To do: What's needed is the listing below, repeated word for word with no pictures.

*** Material for the task Section Begins ***

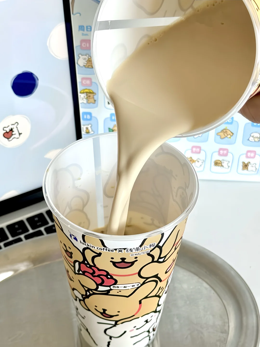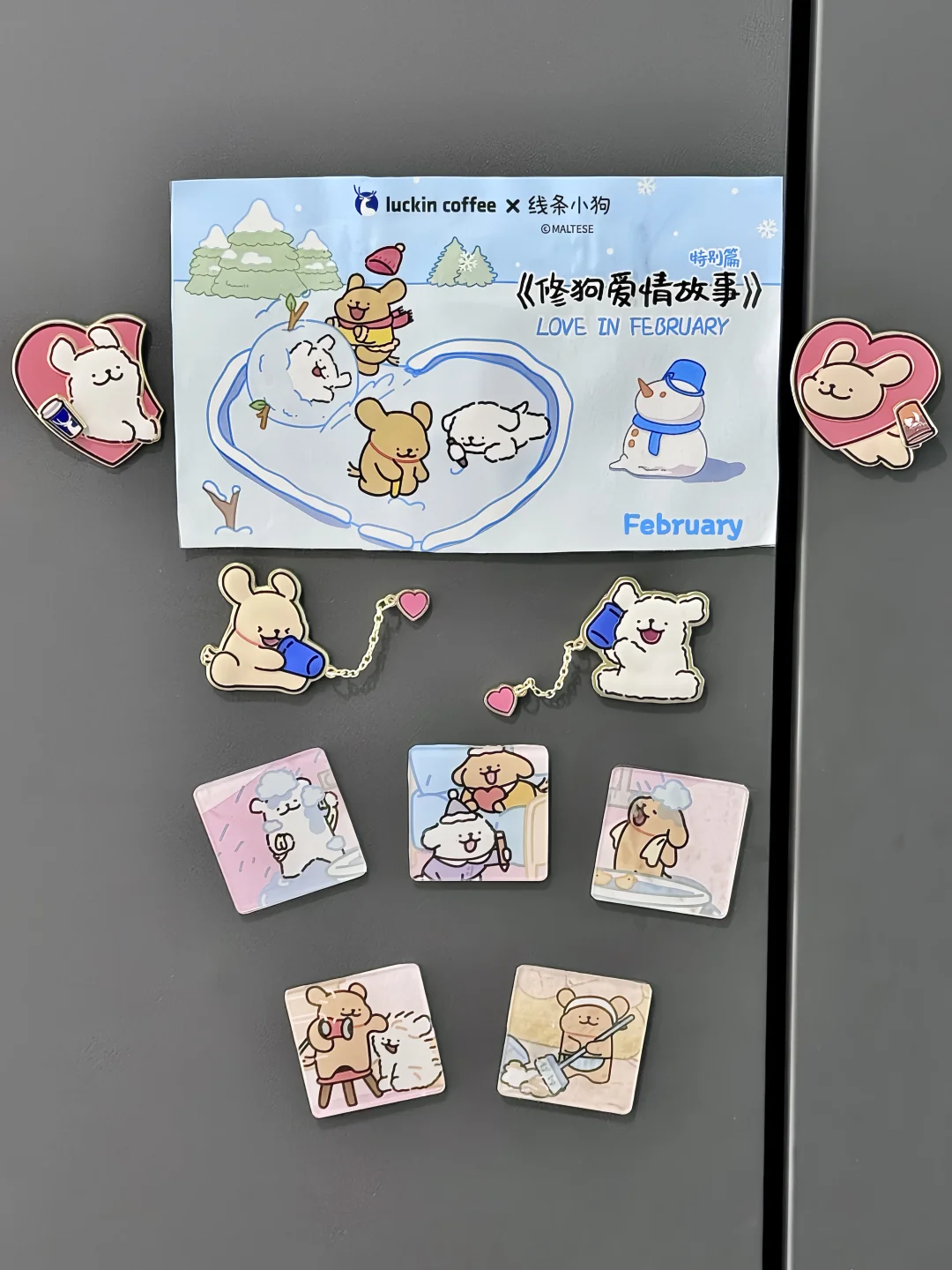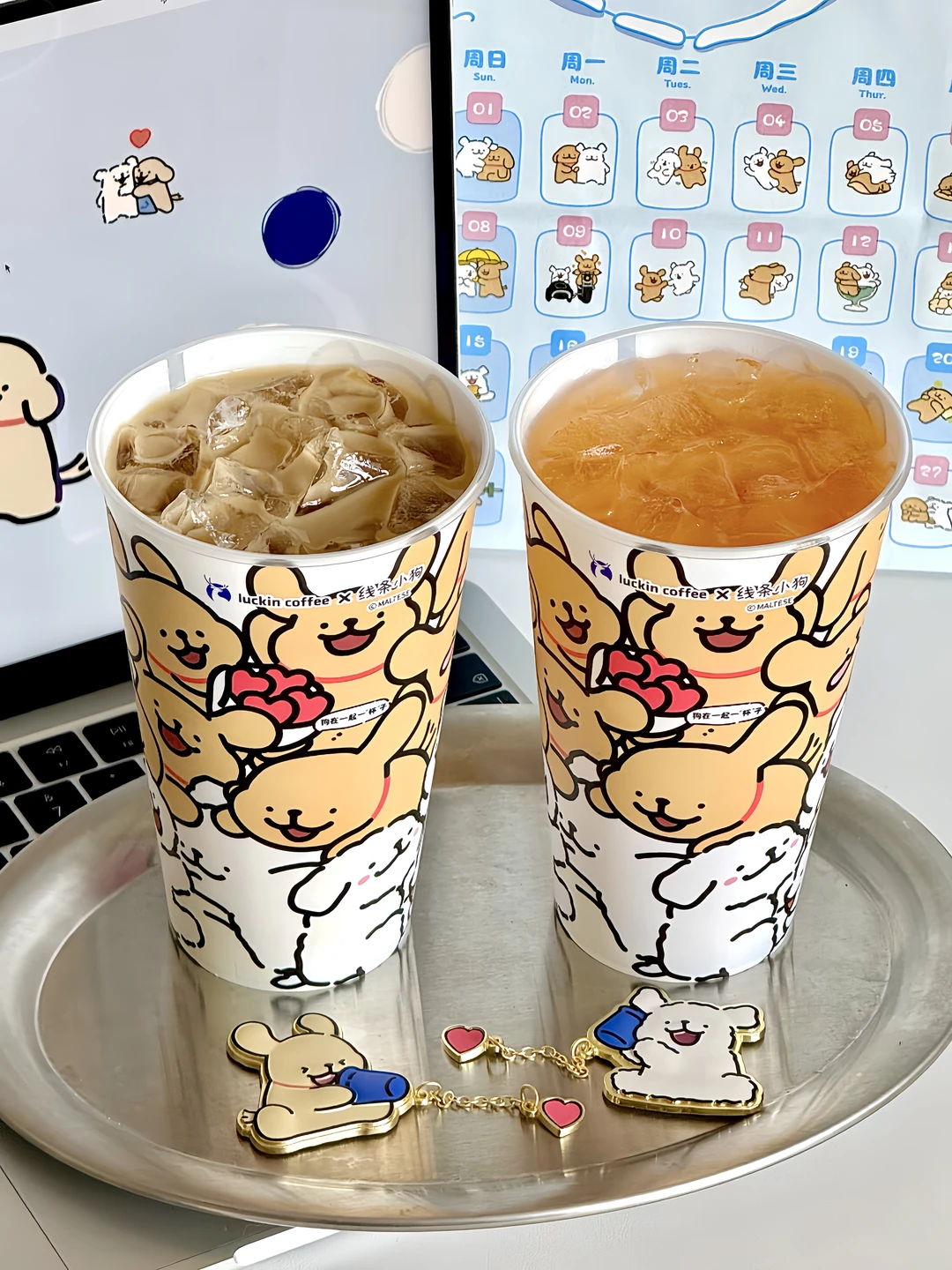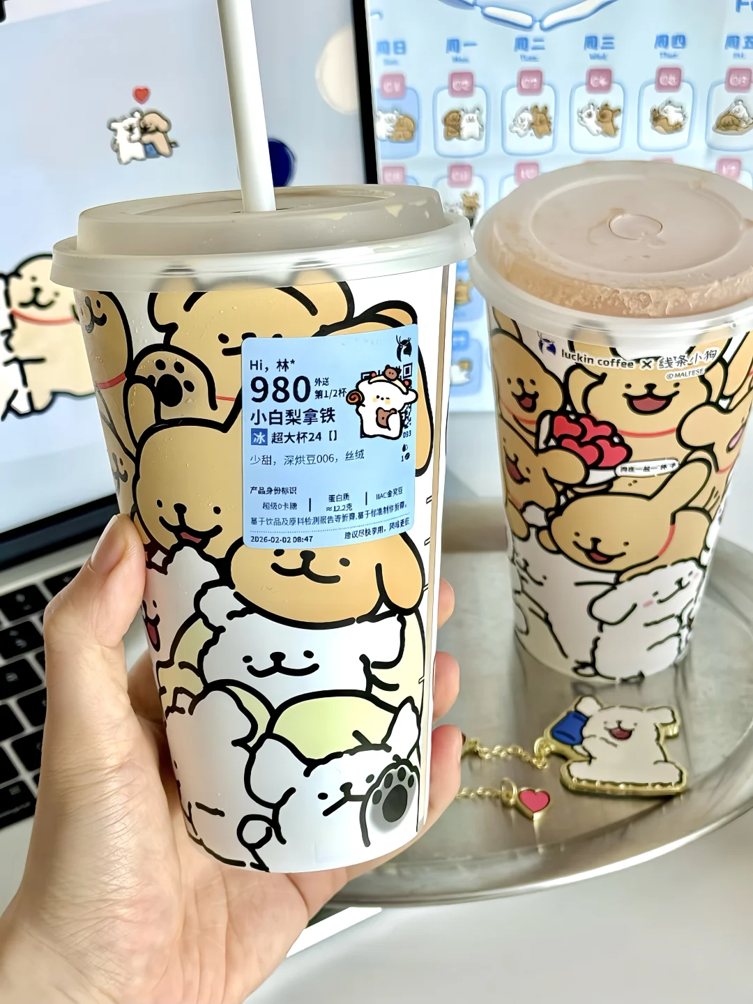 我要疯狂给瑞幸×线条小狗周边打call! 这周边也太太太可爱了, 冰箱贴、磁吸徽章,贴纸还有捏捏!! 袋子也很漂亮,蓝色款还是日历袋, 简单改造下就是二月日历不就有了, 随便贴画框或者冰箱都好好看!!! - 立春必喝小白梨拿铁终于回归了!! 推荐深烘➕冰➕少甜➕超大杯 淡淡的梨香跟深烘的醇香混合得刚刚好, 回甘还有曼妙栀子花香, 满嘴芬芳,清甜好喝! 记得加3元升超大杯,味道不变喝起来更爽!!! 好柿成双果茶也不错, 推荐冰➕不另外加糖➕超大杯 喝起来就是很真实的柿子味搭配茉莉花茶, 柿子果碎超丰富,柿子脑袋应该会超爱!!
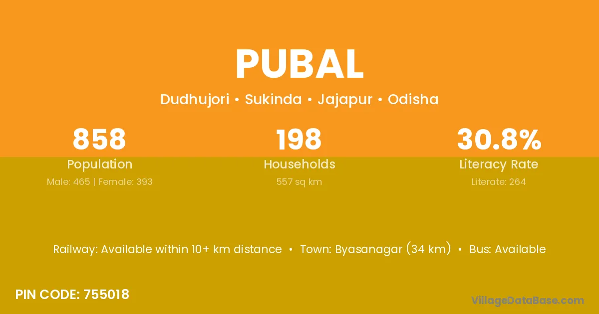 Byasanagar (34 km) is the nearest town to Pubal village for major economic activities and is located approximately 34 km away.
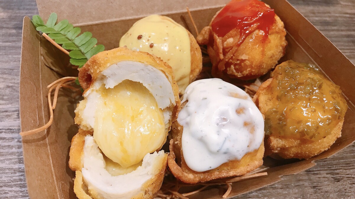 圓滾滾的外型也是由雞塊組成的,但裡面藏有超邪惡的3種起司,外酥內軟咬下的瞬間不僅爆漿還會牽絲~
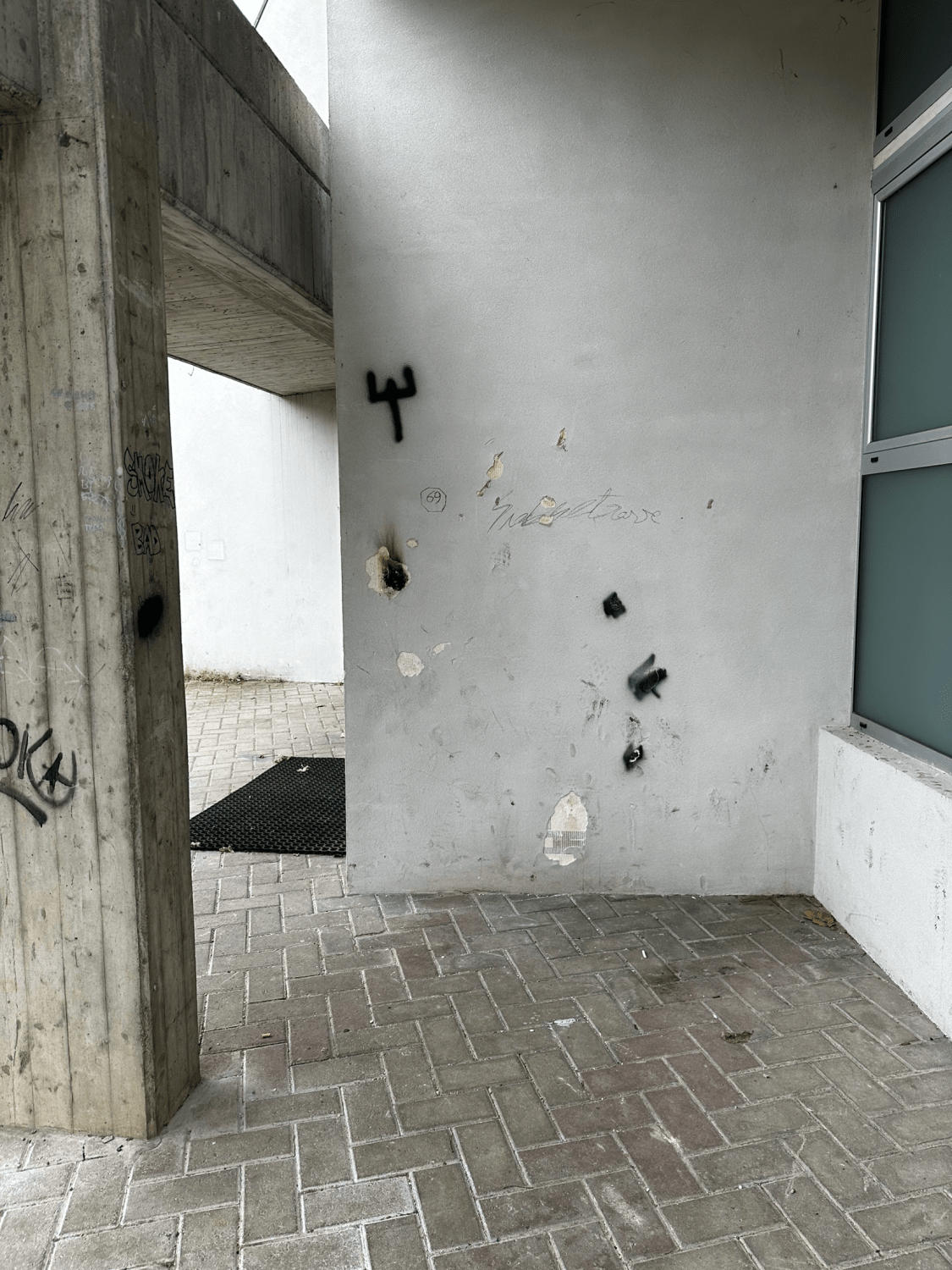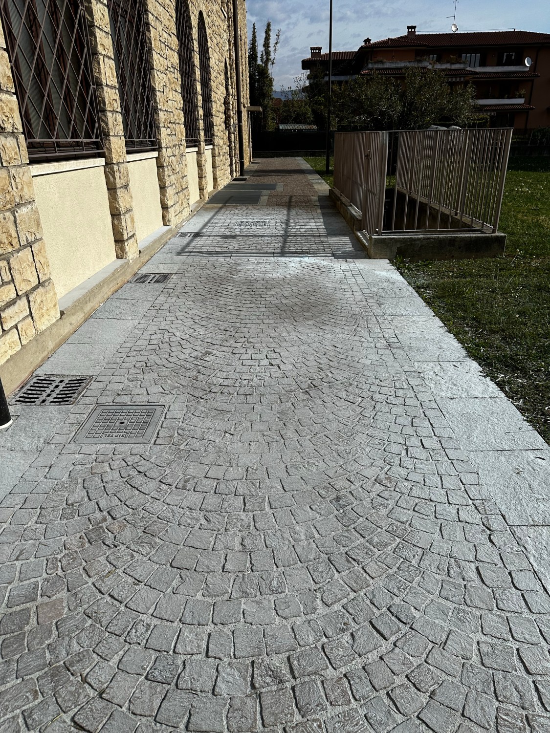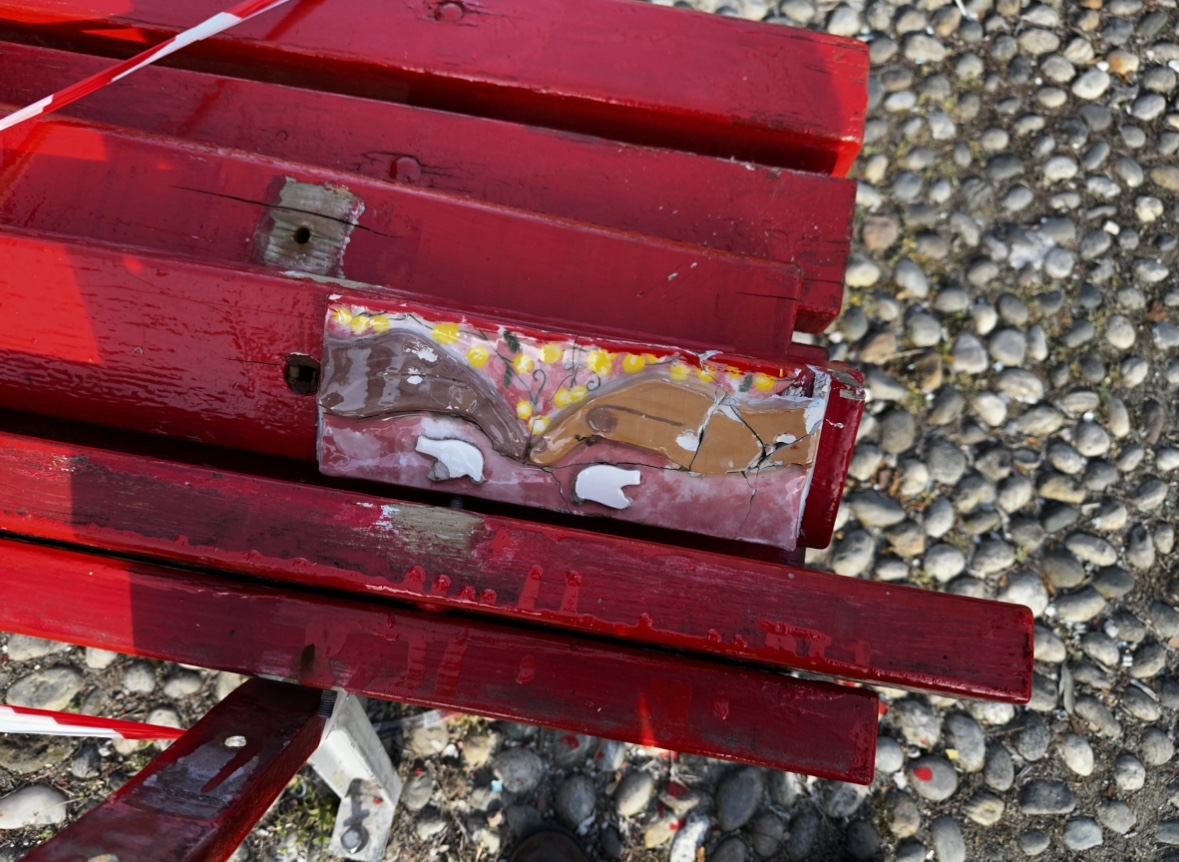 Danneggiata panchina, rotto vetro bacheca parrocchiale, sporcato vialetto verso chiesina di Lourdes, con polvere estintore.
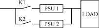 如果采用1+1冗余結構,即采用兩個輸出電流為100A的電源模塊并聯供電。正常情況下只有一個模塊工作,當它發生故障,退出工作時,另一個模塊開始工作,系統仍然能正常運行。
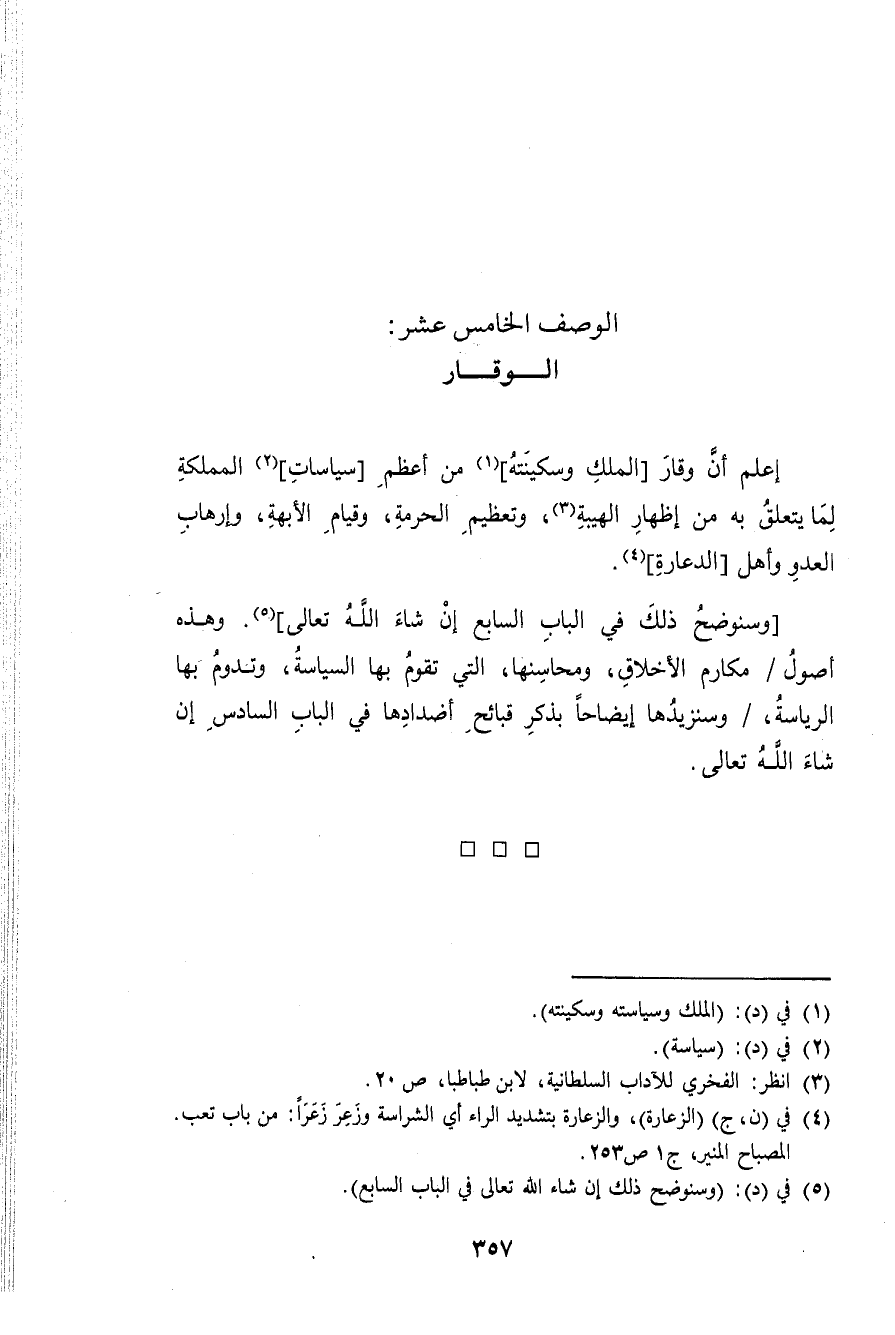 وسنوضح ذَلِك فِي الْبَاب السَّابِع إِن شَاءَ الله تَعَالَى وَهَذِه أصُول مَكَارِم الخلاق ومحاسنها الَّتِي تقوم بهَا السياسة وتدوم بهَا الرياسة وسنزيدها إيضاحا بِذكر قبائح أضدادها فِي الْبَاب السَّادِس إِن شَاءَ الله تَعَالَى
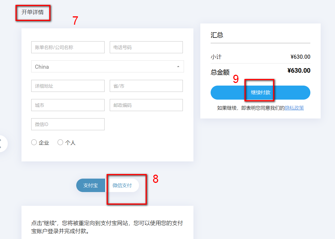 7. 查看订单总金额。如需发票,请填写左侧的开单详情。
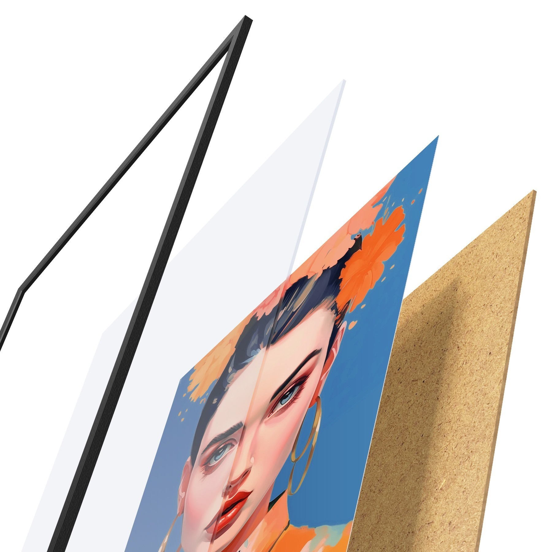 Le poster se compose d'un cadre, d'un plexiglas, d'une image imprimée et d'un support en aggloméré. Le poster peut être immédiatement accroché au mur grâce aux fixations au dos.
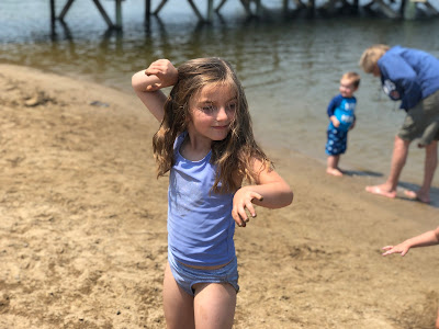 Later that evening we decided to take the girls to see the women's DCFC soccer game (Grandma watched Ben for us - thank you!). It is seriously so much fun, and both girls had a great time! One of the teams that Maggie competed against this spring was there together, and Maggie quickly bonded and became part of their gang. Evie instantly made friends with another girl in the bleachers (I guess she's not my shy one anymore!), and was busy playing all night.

*** Material for the task Section Ends ***

Answer area:
 我要疯狂给瑞幸×线条小狗周边打call! 这周边也太太太可爱了, 冰箱贴、磁吸徽章,贴纸还有捏捏!! 袋子也很漂亮,蓝色款还是日历袋, 简单改造下就是二月日历不就有了, 随便贴画框或者冰箱都好好看!!! - 立春必喝小白梨拿铁终于回归了!! 推荐深烘➕冰➕少甜➕超大杯 淡淡的梨香跟深烘的醇香混合得刚刚好, 回甘还有曼妙栀子花香, 满嘴芬芳,清甜好喝! 记得加3元升超大杯,味道不变喝起来更爽!!! 好柿成双果茶也不错, 推荐冰➕不另外加糖➕超大杯 喝起来就是很真实的柿子味搭配茉莉花茶, 柿子果碎超丰富,柿子脑袋应该会超爱!!
 Byasanagar (34 km) is the nearest town to Pubal village for major economic activities and is located approximately 34 km away.
 圓滾滾的外型也是由雞塊組成的,但裡面藏有超邪惡的3種起司,外酥內軟咬下的瞬間不僅爆漿還會牽絲~
 Danneggiata panchina, rotto vetro bacheca parrocchiale, sporcato vialetto verso chiesina di Lourdes, con polvere estintore.
 如果采用1+1冗余結構,即采用兩個輸出電流為100A的電源模塊并聯供電。正常情況下只有一個模塊工作,當它發生故障,退出工作時,另一個模塊開始工作,系統仍然能正常運行。
 وسنوضح ذَلِك فِي الْبَاب السَّابِع إِن شَاءَ الله تَعَالَى وَهَذِه أصُول مَكَارِم الخلاق ومحاسنها الَّتِي تقوم بهَا السياسة وتدوم بهَا الرياسة وسنزيدها إيضاحا بِذكر قبائح أضدادها فِي الْبَاب السَّادِس إِن شَاءَ الله تَعَالَى
 7. 查看订单总金额。如需发票,请填写左侧的开单详情。
 Le poster se compose d'un cadre, d'un plexiglas, d'une image imprimée et d'un support en aggloméré. Le poster peut être immédiatement accroché au mur grâce aux fixations au dos.
 Later that evening we decided to take the girls to see the women's DCFC soccer game (Grandma watched Ben for us - thank you!). It is seriously so much fun, and both girls had a great time! One of the teams that Maggie competed against this spring was there together, and Maggie quickly bonded and became part of their gang. Evie instantly made friends with another girl in the bleachers (I guess she's not my shy one anymore!), and was busy playing all night.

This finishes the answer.